General Discussion
In reply to the discussion: Let's pay 16 year olds $31.2k to sweep floors!!!! [View all]Nye Bevan
(25,406 posts)responses?
So the question is what happens when a business is paying someone $9 per hour to do something like sweep a floor, the employee is happy to be paid that amount for performing that job, and then the minimum wage is raised to $15 per hour which would obviously be excellent for the employee but not possible or realistic for the business to pay.
The answer is automation. There will be an absolute boom in things like self-checkouts in supermarkets and automated ordering kiosks in fast-food restaurants. These devices are not cost-free, of course; retailers always have to weigh the cost of installation and maintenance against the cost of hiring an employee to do the same thing. Say the cost of having 5 self-checkout machines amounts to $11 per hour of operation, amortizing the initial cost over the machines' life and factoring in maintenance and repairs. Right now many retailers would take a pass because they can hire employees to do the checking-out for cheaper.

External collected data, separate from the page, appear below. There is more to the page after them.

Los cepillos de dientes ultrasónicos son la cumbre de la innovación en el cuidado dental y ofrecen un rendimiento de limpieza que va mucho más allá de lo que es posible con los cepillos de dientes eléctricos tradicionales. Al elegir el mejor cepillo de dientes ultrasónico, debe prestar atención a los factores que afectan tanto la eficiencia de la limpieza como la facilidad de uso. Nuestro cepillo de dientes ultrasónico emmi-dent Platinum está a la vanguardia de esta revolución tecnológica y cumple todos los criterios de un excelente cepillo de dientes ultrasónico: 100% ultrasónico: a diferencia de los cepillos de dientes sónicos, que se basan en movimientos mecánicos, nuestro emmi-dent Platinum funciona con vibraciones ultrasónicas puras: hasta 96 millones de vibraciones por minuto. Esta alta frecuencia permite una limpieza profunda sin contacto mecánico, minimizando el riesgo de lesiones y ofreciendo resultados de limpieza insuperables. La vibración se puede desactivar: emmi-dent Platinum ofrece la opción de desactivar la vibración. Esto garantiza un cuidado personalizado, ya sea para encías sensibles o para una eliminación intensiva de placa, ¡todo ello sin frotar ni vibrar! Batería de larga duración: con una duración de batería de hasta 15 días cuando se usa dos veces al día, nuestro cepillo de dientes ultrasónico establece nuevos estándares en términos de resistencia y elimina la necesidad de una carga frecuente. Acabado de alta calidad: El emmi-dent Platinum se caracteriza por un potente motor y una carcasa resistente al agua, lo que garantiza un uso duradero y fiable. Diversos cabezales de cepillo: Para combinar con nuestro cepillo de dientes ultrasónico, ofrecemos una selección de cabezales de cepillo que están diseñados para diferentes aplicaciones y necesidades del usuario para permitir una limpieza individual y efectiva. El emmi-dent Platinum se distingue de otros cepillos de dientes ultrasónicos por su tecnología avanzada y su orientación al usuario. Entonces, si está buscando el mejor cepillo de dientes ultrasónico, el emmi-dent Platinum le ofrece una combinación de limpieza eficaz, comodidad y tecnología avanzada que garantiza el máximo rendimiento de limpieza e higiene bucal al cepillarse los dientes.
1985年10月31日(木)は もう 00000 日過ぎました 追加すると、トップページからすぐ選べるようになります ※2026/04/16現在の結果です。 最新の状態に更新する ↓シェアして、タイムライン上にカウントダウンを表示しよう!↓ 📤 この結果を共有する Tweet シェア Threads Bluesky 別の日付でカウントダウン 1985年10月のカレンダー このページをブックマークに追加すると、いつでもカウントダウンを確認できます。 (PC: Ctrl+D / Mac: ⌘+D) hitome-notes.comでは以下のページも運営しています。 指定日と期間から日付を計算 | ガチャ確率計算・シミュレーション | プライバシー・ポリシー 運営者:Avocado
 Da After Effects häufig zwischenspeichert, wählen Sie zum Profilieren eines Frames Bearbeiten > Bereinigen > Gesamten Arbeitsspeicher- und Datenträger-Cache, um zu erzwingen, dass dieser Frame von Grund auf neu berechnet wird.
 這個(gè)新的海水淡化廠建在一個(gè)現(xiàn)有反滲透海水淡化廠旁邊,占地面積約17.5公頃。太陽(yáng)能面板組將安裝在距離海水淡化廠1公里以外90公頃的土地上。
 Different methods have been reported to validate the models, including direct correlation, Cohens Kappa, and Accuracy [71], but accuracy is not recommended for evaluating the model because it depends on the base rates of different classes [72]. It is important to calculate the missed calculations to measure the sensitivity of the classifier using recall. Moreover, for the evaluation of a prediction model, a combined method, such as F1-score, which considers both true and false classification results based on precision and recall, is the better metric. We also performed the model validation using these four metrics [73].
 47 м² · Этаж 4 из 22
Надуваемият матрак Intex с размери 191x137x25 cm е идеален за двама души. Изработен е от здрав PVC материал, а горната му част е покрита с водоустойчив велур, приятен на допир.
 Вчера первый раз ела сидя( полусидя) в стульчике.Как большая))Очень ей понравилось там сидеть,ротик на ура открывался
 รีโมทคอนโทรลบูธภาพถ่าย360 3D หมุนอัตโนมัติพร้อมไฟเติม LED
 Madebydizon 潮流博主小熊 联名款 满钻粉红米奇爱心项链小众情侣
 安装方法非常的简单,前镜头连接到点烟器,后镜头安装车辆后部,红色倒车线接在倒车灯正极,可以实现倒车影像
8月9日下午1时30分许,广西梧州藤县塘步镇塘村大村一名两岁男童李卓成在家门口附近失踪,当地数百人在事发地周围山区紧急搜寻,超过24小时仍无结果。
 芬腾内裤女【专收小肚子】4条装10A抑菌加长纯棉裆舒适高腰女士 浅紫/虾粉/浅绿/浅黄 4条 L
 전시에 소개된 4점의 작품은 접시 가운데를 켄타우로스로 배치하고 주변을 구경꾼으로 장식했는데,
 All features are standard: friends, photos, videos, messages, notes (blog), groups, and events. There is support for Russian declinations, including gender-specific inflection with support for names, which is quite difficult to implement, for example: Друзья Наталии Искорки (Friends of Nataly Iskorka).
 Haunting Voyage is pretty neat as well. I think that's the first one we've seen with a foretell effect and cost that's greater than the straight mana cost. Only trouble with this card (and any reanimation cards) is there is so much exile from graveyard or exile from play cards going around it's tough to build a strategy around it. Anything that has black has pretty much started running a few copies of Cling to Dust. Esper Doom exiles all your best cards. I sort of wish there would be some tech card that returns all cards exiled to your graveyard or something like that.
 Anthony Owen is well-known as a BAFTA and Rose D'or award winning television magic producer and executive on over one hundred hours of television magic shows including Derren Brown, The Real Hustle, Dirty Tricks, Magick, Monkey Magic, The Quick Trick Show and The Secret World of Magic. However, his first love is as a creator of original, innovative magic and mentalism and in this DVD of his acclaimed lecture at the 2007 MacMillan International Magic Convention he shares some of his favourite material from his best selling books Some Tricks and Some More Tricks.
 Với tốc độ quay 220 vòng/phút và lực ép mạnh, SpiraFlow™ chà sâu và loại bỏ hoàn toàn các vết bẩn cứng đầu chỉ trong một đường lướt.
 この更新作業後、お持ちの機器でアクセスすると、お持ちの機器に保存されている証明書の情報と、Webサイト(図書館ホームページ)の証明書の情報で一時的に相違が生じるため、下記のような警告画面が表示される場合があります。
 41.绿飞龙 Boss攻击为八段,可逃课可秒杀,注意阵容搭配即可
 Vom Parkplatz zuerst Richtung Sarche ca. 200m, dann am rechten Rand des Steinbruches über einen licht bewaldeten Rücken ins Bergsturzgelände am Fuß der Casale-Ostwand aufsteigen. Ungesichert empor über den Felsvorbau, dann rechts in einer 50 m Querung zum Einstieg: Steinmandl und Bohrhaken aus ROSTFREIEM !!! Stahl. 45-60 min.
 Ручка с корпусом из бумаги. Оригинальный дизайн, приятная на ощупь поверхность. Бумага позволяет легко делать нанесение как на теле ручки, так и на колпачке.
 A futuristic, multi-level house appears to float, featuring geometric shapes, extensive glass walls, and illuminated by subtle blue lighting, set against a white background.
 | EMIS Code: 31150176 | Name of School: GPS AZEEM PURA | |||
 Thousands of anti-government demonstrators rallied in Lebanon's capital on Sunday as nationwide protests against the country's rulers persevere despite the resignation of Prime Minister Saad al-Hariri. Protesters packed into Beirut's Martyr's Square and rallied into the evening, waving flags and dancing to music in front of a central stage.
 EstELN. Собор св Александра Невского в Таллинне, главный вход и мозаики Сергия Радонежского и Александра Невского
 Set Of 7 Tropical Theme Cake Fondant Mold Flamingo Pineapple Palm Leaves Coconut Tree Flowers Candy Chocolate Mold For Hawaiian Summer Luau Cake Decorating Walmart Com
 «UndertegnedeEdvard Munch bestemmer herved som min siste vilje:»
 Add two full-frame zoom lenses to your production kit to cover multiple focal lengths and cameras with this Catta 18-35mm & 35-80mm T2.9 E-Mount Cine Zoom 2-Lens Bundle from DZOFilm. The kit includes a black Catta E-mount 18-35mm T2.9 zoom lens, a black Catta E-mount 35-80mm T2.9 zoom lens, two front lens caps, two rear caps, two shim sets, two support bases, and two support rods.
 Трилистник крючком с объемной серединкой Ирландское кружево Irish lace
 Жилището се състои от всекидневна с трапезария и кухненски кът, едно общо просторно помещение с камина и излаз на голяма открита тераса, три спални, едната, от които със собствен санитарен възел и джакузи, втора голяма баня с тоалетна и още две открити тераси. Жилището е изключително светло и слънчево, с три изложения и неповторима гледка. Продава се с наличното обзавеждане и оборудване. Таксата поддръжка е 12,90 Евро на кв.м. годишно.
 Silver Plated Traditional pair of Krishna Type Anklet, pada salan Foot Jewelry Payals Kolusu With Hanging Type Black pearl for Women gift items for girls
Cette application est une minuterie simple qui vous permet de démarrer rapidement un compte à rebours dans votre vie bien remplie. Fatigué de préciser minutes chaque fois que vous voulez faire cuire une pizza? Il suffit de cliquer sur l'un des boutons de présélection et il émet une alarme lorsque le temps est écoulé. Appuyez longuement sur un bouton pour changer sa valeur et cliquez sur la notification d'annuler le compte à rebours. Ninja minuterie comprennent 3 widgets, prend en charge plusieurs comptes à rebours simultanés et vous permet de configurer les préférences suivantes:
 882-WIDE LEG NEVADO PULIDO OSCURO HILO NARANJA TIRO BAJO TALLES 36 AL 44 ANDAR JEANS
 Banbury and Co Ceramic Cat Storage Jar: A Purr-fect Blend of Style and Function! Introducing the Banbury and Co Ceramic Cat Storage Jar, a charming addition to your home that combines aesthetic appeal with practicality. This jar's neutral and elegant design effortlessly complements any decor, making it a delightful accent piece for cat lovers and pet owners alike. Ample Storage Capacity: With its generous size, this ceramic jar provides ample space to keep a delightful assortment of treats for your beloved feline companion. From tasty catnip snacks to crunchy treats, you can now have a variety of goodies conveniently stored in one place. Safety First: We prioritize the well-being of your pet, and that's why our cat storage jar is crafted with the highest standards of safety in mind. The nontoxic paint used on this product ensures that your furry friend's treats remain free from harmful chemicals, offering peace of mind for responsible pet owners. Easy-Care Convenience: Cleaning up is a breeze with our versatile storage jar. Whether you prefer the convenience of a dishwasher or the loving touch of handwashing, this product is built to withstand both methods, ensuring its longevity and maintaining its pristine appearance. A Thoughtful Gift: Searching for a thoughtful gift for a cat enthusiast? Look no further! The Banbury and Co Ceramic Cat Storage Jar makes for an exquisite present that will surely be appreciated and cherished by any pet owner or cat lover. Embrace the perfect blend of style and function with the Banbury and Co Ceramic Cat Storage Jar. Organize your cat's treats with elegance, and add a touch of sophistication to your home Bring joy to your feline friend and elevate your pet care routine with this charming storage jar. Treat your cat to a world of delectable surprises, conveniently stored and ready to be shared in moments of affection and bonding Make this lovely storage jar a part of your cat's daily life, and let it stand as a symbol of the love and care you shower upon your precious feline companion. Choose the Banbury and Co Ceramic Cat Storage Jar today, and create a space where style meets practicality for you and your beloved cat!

But if you would have to pay those employees $15 per hour the self-checkouts become an absolute no-brainer.
And what about sweeping the floor? Instead of a kid with a broom, who would suddenly cost you $15 per hour, you pay a floor-sweeping contractor to do the job for you. He has state-of-the-art machinery and is able to do the job quickly, and for many other clients as well as you. Investing in the machinery suddenly makes a lot of sense when you are not competing with a kid with a broom at $9 per hour.